In Chapter 9, An Overview Of Security Aspects, we learned about various mechanisms for securing SQL workloads on CockroachDB. The ever-increasing presence of software running on the cloud has led to increased attack surfaces. So, it is important to carefully examine your security posture and to take measures to fill any security gaps.

In this chapter, we will go over how to troubleshoot issues that you come across while using CockroachDB. Since this is a very broad topic, we will cover a few examples from each category. Debug logs can help in narrowing down possible trouble areas and eventually finding the root cause. In the first section, we will learn about collecting debug logs. Next, we will go through some of the common causes of connection issues. In the later sections, we will cover various topics that can cause a query to execute slowly or fail completely. We will also go over ideal resource allocation and general guidelines to be followed during an upgrade and advanced debugging options.

The following topics will be covered in this chapter:

  • Collecting debug logs
  • Connection issues
  • Tracking slow queries
  • Capacity planning
  • Configuration issues
  • Network latency
  • Guidelines to avoid issues during upgrade
  • Advanced debugging options

Technical requirements

There are some commands discussed in this chapter that require you to have CockroachDB installed. If you still haven't done so, please refer to the Technical requirements section in Chapter 2, How Does CockroachDB Work Internally?

We will first start with a discussion on collecting debug logs.

Collecting debug logs

Whenever we debug issues, it's very helpful to have aggregated logs. There are tools such as Datadog that provide a single pane of glass for monitoring a CockroachDB cluster. Node logs and the admin UI provide helpful information for troubleshooting issues. Please refer to Chapter 8, Exploring the Admin User Interface, to get yourself familiar with the user interface. Logs provide detailed information about all the activities happening in a cluster. CockroachDB provides various types of log files based on the intent. CockroachDB also supports log levels and log channels. It is also possible to emit certain log messages to an external destination for further processing.

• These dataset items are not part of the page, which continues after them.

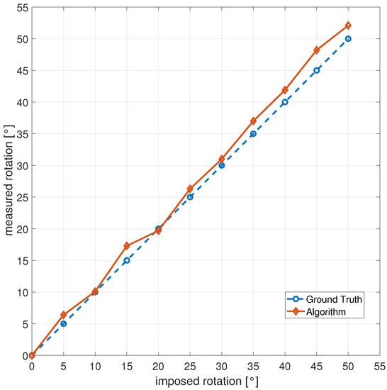 Results show that the developed algorithm achieved good results for both translations and rotations. In particular, the maximum difference in the rotation estimation was 3.2° for the nominal rotation of 45° (see Table 1). Figure 13 shows the optimization result for this case.
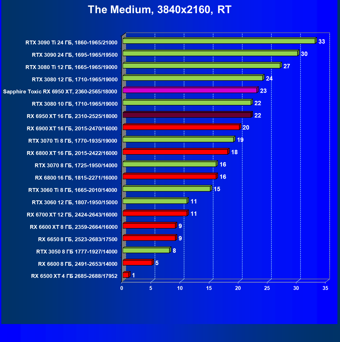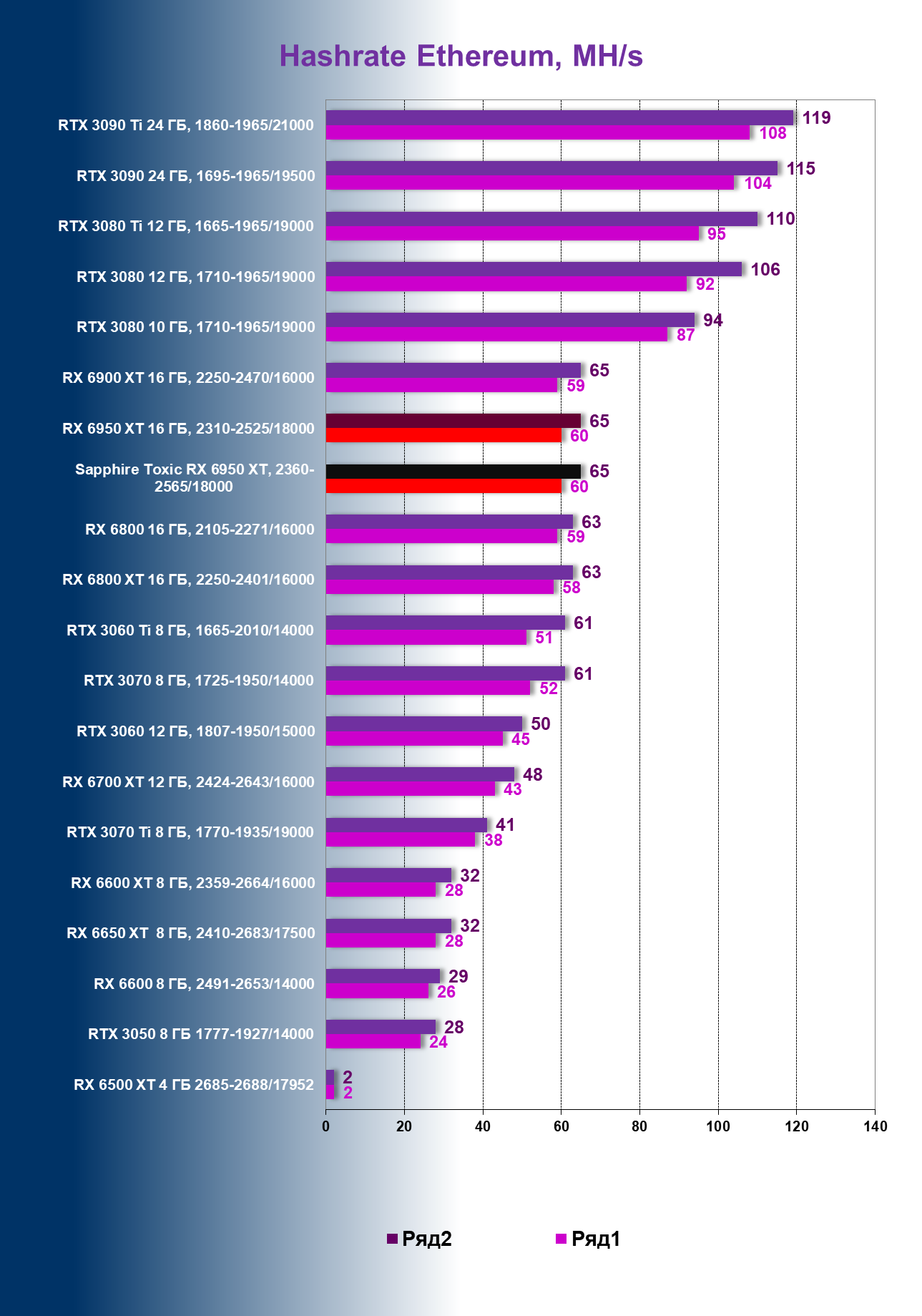 | 01 | Sapphire Toxic RX 6950 XT, 2360—2565/18000 | 461 | 40 | 114 000 |
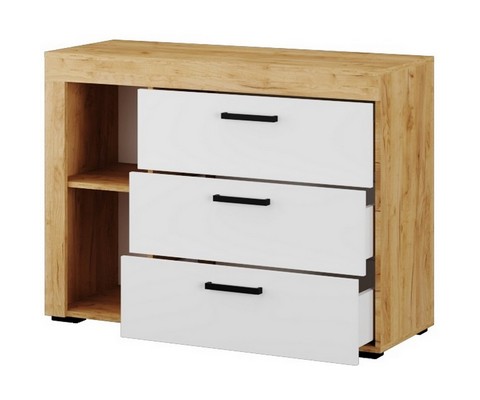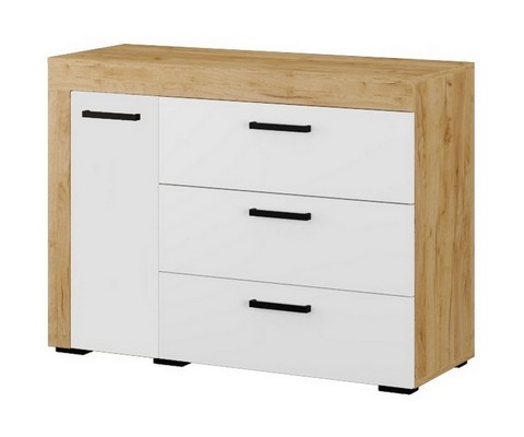 Комод оснащен 3-мя ящиками и отделением с дверцей.

In this section, we will first discuss various log files and what information each file contains, then move on to understanding the log levels that determine how much information you want to log based on their severity. Later, we will learn about the concept of log channels, sending logs to an external resource for further processing, and collecting all the logs.

Log files

CockroachDB provides various node-level log files that specialized in certain things, such as the health of nodes, storage engine logs, or security-related logs. Following is the list of various log files that are available in CockroachDB:

  • cockroach.log: A general log that contains information about all the major events occurring within the cluster.
  • cockroach-health.log: The health of the cluster.
  • cockroach-security.log: SQL security log.
  • cockroach-sql-audit.log: SQL access audit log.
  • cockroach-sql-auth.log: SQL authentication log.
  • cockroach-sql-exec.log: SQL execution log.
  • cockroach-sql-slow.log: SQL slow query log.
  • cockroach-sql-schema.log: SQL schema change log.
  • cockroach-pebble.log: Pebble key-value store log. Pebble is the default storage engine in CockroachDB.
  • cockroach-telemetry.log: Telemetry log, which contains event information about feature usage.

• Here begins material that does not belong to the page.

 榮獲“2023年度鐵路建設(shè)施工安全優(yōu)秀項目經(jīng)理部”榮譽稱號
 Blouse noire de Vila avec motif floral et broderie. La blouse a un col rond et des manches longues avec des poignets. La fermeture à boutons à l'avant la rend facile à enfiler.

Next, we will discuss log levels.

Log levels

Log levels indicate the severity of a log message and based on the severity you have to decide whether they should be handled or not. In general, the log levels ERROR and FATAL should be handled in your application logic and it should take appropriate action based on the error type. Following are the four log levels in CockroachDB:

  • INFO: This indicates general informational log messages. It might be prudent to turn these off in a production environment as they can occupy a lot of space and are not that relevant when debugging issues.
  • WARNING: This indicates that a normal operation might have failed but will recover automatically. Based on each case and the impact, we have to decide whether to handle this or not.
  • ERROR: This indicates that a normal operation cannot be performed. We should pay attention to these errors and make sure they are handled properly.
  • FATAL: Fatal errors need immediate attention and action as they will be of the highest severity.

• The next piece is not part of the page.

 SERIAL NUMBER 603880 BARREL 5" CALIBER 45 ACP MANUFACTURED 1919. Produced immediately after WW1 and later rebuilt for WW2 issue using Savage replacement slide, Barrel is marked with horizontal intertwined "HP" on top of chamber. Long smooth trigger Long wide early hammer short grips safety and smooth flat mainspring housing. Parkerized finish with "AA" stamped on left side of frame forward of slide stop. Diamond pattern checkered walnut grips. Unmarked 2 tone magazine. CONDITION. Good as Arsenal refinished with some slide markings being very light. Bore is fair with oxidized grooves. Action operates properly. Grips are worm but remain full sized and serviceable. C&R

Next, we will learn about a concept called log channels.

Log channels

Log channels are distinguished based on the type of operation rather than the severity. A log channel is useful when you have multiple teams that have to look at different sets of logs based on the team's responsibilities. For example, logs related to configuration changes done by an admin user in production will be more useful to an infosec or security team than an application developer team. Log channels are very useful when integrated with a sink such as Slack. A sink is an external resource that is capable of receiving data. For example, all OPS and HEALTH messages can go to a Site Reliability Engineering (SRE) channel, whereas USER_ADMIN, PRIVILEGES, and SENSITIVE_ACCESS can go to the infosec channel. Following is a list of available log channels in CockroachDB:

  • DEV: This channel is used during development and everything gets logged.
  • OPS: This channel is related to cluster relation operations, configurations, and jobs.
  • HEALTH: This channel logs resource usage, connection errors, range availability, and leasing events.
  • STORAGE: This is used to log Pebble storage engine related events.
  • SESSIONS: This covers sessions, connections, and authentication events.
  • SQL_SCHEMA: This is used to track schema changes involving database, schema, table, sequence, view, and type; metadata changes.
  • USER_ADMIN: This is used to track changes in users and roles.
  • PRIVILEGES: This is used to track changes in grants and object ownership.
  • SENSITIVE_ACCESS: This is used to access data access audit events, SQL statements by admin, and operations that write to system tables.
  • SQL_EXEC: This channel logs SQL executions and errors during execution.
  • SQL_PERF: This channel records events that affect performance and slow query logs.
  • SQL_INTERNAL_PERF: This logs internal details of CockroachDB that will be useful during troubleshooting.
  • TELEMETRY: This is used to log telemetry events.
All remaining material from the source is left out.